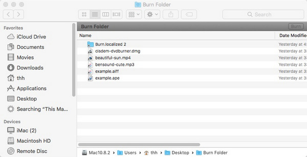 Next is through Finder, which is exclusive to Mac. Quickly burn DVDs with a simple right-click option. Follow the steps below.
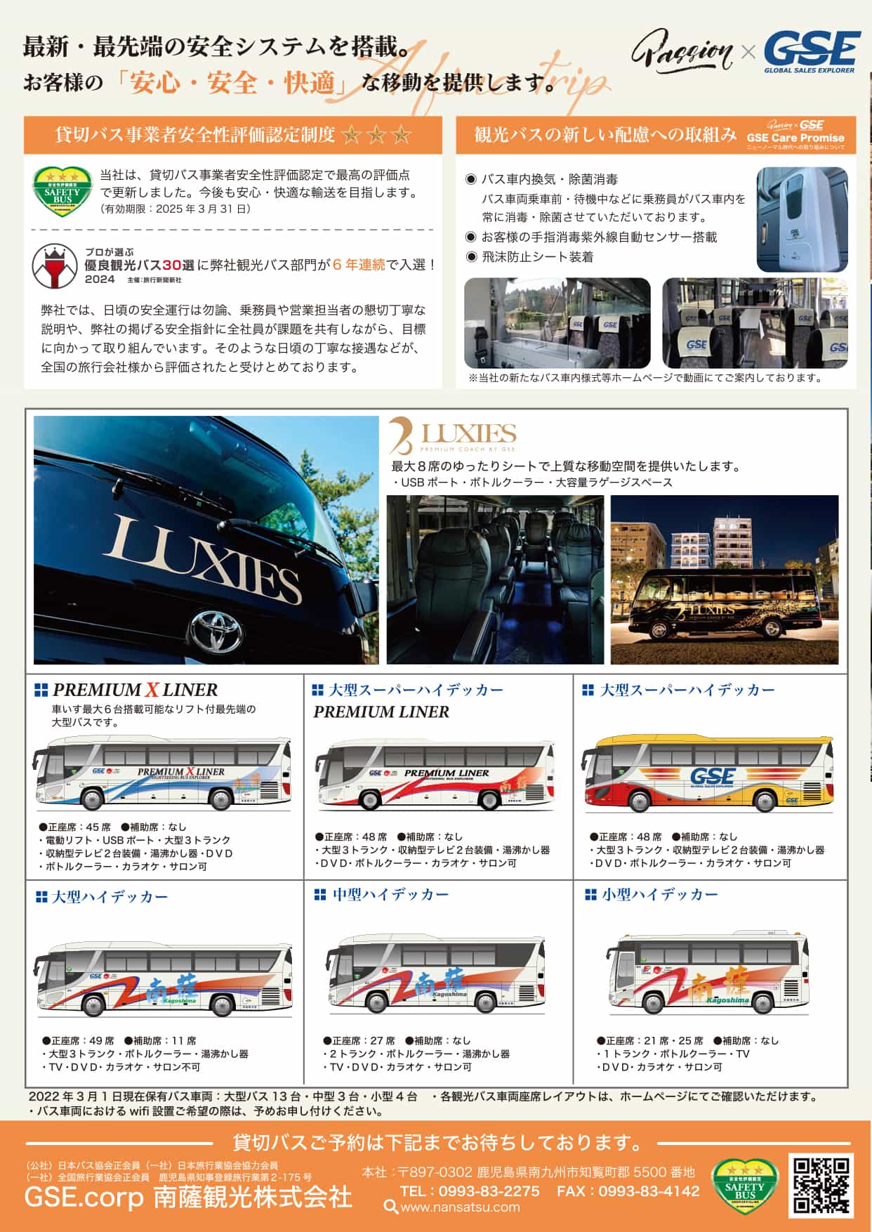 GSE corp. 南薩観光のホームページをご利用いただきありがとうございます。リニューアルした新…
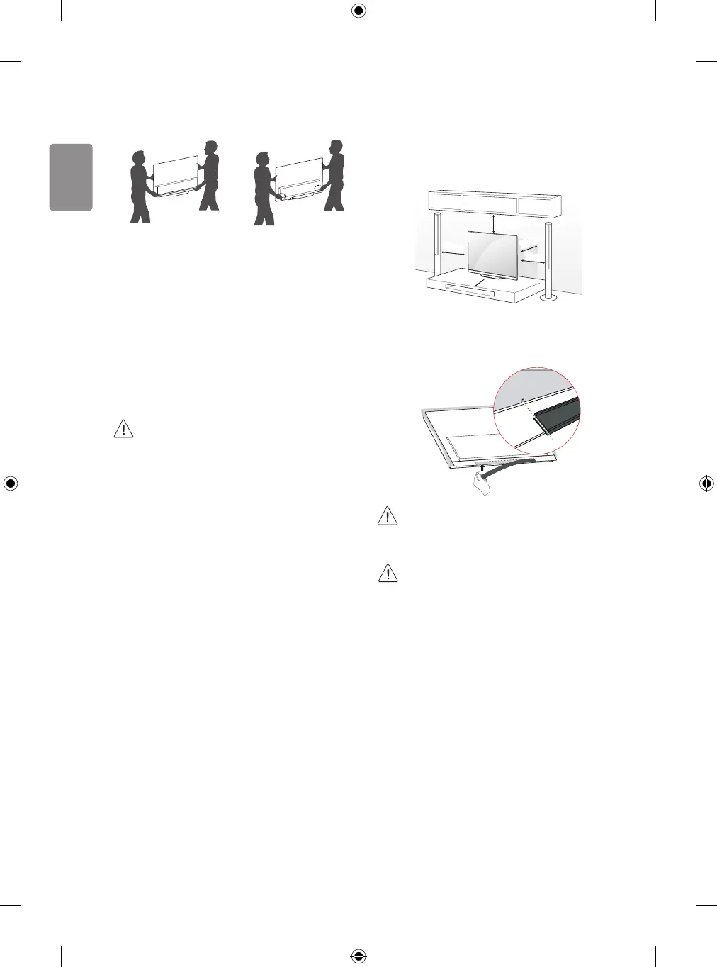 • When transporting the TV, do not expose the TV to jolts or excessive

> _ABOUT THIS TASK_:
The pictures in the data should be omitted, and every remaining line set down exactly.

> _RESULT FOR THIS TASK_:
 Next is through Finder, which is exclusive to Mac. Quickly burn DVDs with a simple right-click option. Follow the steps below.
 GSE corp. 南薩観光のホームページをご利用いただきありがとうございます。リニューアルした新…
 • When transporting the TV, do not expose the TV to jolts or excessive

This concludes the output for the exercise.